- [Excerpted data]:

****************************************

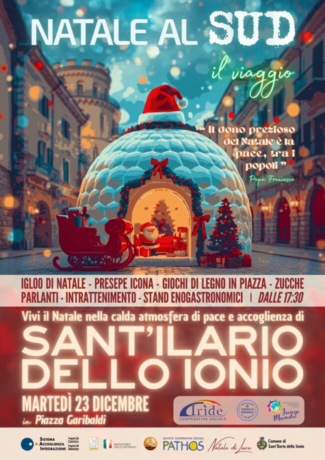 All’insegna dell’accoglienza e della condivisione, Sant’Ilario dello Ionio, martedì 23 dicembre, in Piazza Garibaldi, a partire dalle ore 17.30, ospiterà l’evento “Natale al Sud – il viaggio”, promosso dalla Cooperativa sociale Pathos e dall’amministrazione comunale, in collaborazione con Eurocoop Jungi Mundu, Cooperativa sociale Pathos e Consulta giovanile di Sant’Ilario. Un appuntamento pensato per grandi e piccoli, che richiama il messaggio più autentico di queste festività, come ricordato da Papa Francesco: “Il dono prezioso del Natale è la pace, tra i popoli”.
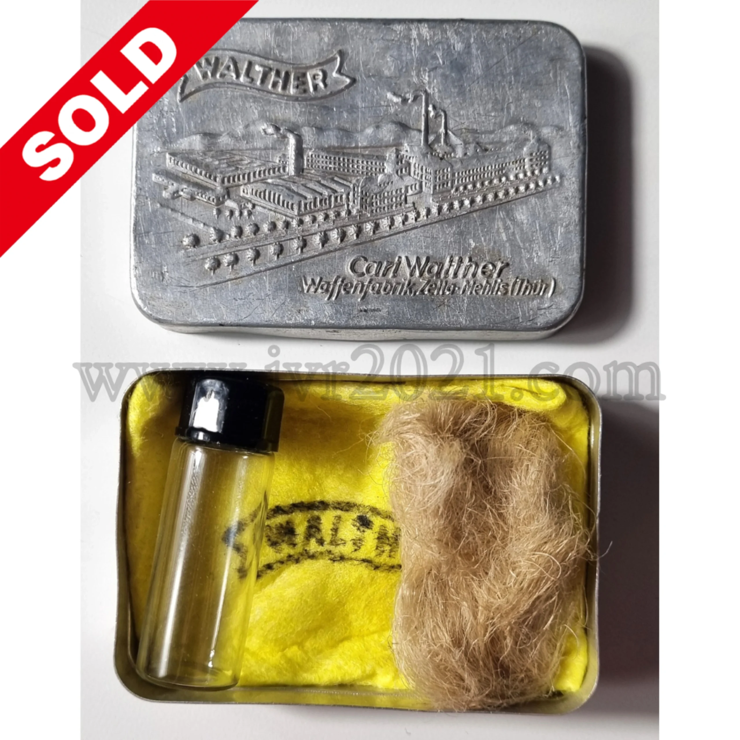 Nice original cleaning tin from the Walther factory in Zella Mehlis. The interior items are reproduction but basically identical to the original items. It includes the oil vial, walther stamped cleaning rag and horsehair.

****************************************

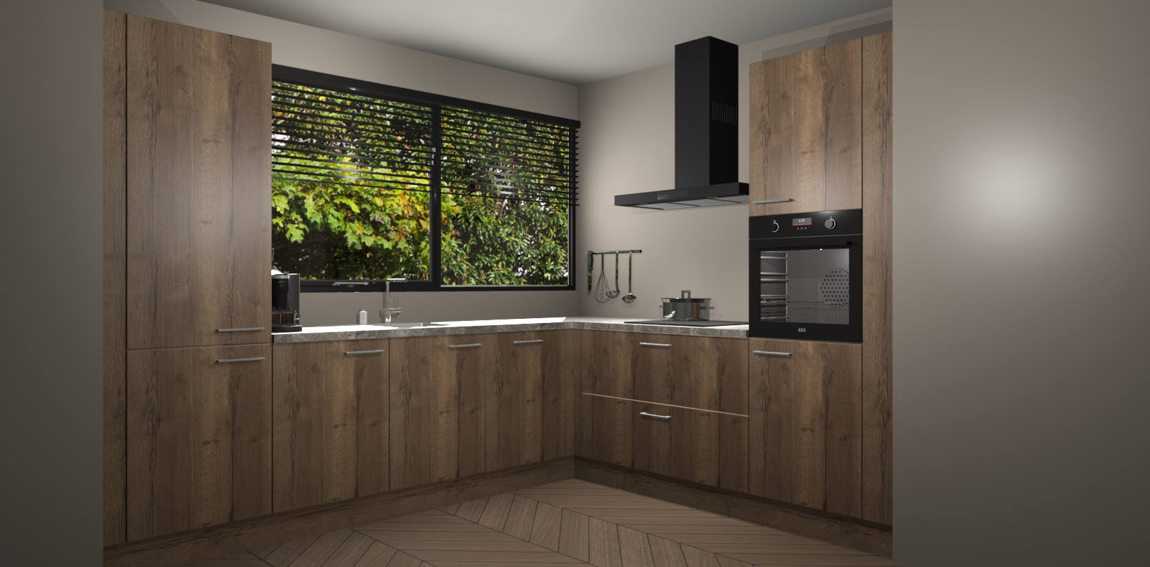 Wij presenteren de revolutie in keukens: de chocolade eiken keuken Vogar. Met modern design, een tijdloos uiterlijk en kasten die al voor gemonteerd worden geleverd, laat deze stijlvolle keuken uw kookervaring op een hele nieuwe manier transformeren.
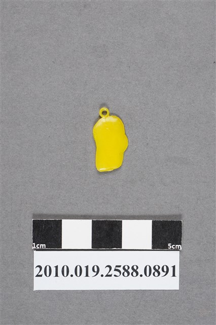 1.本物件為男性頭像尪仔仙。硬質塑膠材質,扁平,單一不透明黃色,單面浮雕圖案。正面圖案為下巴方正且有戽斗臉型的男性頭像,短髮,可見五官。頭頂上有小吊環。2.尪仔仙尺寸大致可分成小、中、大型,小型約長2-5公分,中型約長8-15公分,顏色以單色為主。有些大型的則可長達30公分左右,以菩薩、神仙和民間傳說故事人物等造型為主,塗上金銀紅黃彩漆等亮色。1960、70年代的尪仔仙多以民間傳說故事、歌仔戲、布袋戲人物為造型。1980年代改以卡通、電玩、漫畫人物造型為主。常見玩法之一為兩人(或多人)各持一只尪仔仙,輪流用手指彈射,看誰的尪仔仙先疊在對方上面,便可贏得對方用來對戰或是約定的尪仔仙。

****************************************

- [What the exercise asks]: Text only, no pictures: please print exactly the lines above from the line with "All’insegna dell’accoglienza e" up to and including the line with "Nice original cleaning", and nothing else.

- [Expected answer]:
 All’insegna dell’accoglienza e della condivisione, Sant’Ilario dello Ionio, martedì 23 dicembre, in Piazza Garibaldi, a partire dalle ore 17.30, ospiterà l’evento “Natale al Sud – il viaggio”, promosso dalla Cooperativa sociale Pathos e dall’amministrazione comunale, in collaborazione con Eurocoop Jungi Mundu, Cooperativa sociale Pathos e Consulta giovanile di Sant’Ilario. Un appuntamento pensato per grandi e piccoli, che richiama il messaggio più autentico di queste festività, come ricordato da Papa Francesco: “Il dono prezioso del Natale è la pace, tra i popoli”.
 Nice original cleaning tin from the Walther factory in Zella Mehlis. The interior items are reproduction but basically identical to the original items. It includes the oil vial, walther stamped cleaning rag and horsehair.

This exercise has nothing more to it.